The compiler takes your model and chops it into small functional blocks called kernels.
- Vision Encoder: These are usually convolutions or “windowed” attention. The compiler maps these to a string of AIE-ML tiles. It uses the Cascade Streams so that the output of one tile flows directly into the next without ever hitting the main memory. It’s like an assembly line for pixels.
- LLM Decoder: These are dense matrix multiplications. The compiler assigns these to “clusters” of tiles that work in parallel to handle the massive math.
2. Planning the “Data Move” (The Memory Tile Strategy)
This is where the compiler gets smart about that KV-cache we talked about.
- Buffer Allocation: The compiler looks at the size of your KV-cache and carves out space in the 512KB Memory Tiles. It sets up “ping-pong” buffers. While Tile A is crunching on one set of data, the Tile DMA is already moving the next chunk of the cache into the Memory Tile from the DDR.
- Tiling: If a layer is too big for one tile’s 64KB memory, the compiler “tiles” the operation. It breaks the math into 32×32 or 64×64 blocks that fit perfectly on the local workbench.
3. Routing the Traffic
The compiler acts like a GPS for your data.
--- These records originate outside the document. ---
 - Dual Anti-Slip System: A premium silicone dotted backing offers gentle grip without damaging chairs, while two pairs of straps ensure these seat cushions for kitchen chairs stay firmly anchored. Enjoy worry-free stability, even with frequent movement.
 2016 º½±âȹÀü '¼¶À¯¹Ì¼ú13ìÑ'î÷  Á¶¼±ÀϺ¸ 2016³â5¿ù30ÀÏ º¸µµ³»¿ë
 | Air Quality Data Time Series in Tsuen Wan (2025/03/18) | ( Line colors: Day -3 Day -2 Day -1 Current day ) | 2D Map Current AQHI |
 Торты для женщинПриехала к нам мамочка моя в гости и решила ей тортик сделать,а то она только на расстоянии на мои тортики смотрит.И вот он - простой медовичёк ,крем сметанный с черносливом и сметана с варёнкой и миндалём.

It has to figure out the AXI-Stream paths between tiles.
- It avoids “congestion” by making sure two different data streams aren’t trying to use the same physical wire at the same time.
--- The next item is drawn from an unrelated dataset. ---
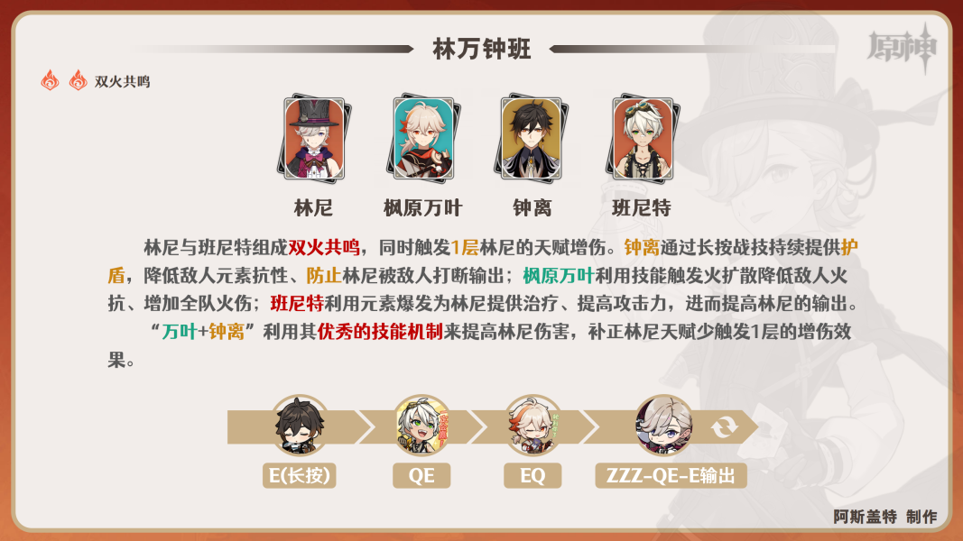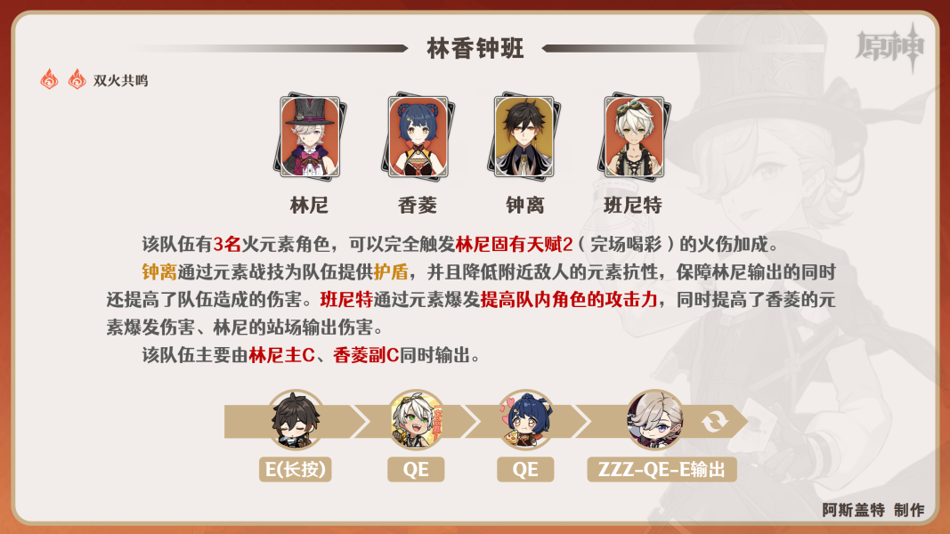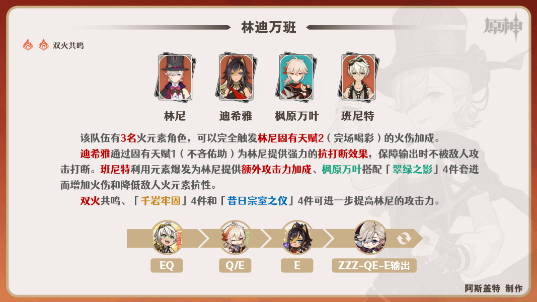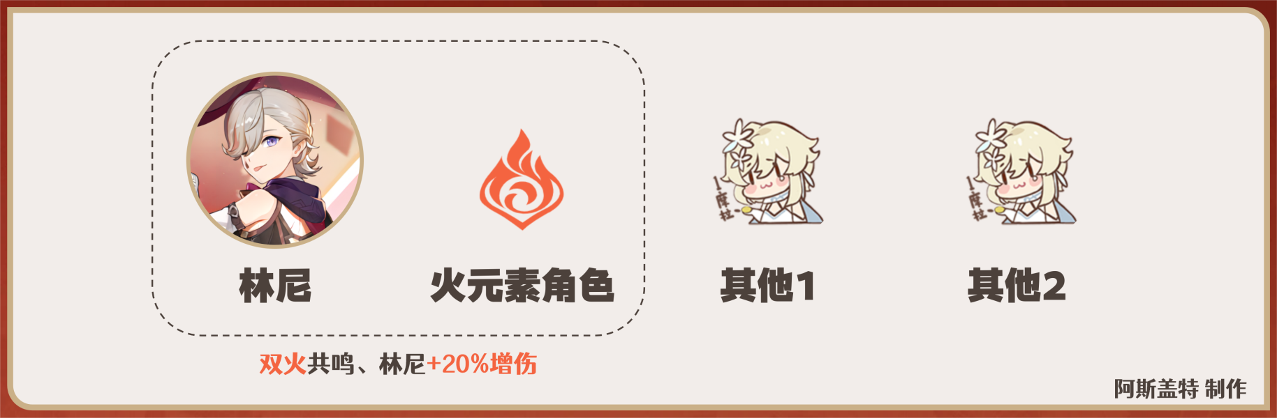前面提到,固有天赋2的不同层数间的差距在7%左右,所以林尼的配队既可再选择1名火元素角色组成“三火队”,又可选择其他元素的辅助、副C角色提高队伍整体输出。

- It schedules exactly when the Lock Module should trigger. This ensures a tile doesn’t start math until the data it needs has actually arrived from the Memory Tile.
4. Generating the Microcode
Once the map is finished, the compiler generates a specialized instruction stream (microcode).
- AIE-ML Binaries: These tell the vector units exactly what math to do.
- Control Code: This runs on the Scalar RISC processor inside each tile to manage the pointers and loops.
- XCLBIN: Everything is wrapped into one file that the XRT (Xilinx Runtime) loads onto the chip at runtime.
Why is this a “Black Box” for you
The best part is that you don’t have to write the code for each tile yourself. You give the compiler your PyTorch or ONNX model, and it does the math to figure out the most efficient way to spread it across the hardware. It’s the difference between building a car part-by-part and just telling the factory which model you want.